それともこれが普段通りの結果なのだろうか?
回避する余裕もなかったらしい。
炎の刃の直撃を受けた柊はあっさりと倒れてしまった。
…これで終わりか。
試合開始から終了まで、
ほんの40秒程度だ。
1分と経たずに柊は敗北した。
「そこまで!勝者、天城総魔!!」
即座に宣言された審判員の掛け声によって初戦はあっさりと終了してしまう。
そして倒れた柊を眺めて思うことはただ一つ。
…確かに最下位だったようだ。
上級生とは言え、実力は低かった。
これでは参考にならないが、
柊に文句を言っても仕方がないからな。
無言のまま試合場を離れることにした。
…思っていたよりも帰ってくるのが早かったな。
試合場を離れてから僅か二分後。
「初勝利、おめでとうございます。

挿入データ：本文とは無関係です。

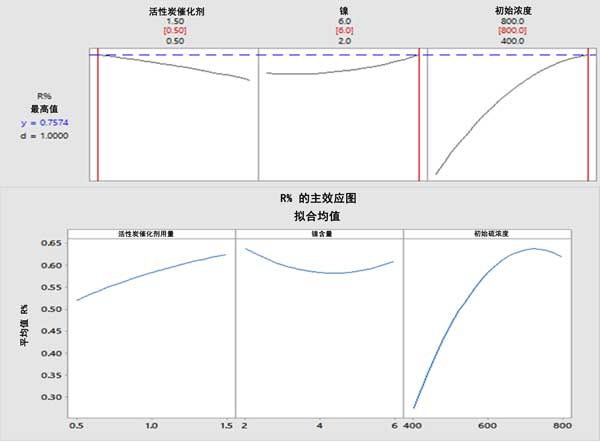彩运cy888 图2:研究变量对二苯并噻吩转化率的影响,转化率随着活性炭催化剂用量和初始硫浓度的增加而增加,随着Ni负载量的增加而降低(上图)。对于活性炭催化剂用量、Ni负载量和初始硫浓度,在0.5g、6%和700ppm时,最佳二苯并噻吩转化率分别为75.74%(下图)。

」
受付に戻ってみると先程の女性が出迎えてくれた。
そして柊の持っていた生徒番号を俺の手帳に書き換えてくれた。
「次も頑張ってくださいね。」
「ああ、ありがとう。」
試合を終えて生徒番号が更新される。
10番ほど上がっただけだが、
11393番から11382番に変わった。
…こうして記録を塗り替えていくのか。
どこまで更新できるかはわからない。
だが決して無謀な試みというわけではなさそうだ。
…少し外の空気を吸いに出るか。
無事に初戦を終えて新たな生徒番号を受け取ったことで、
一旦会場の外に出ることにした。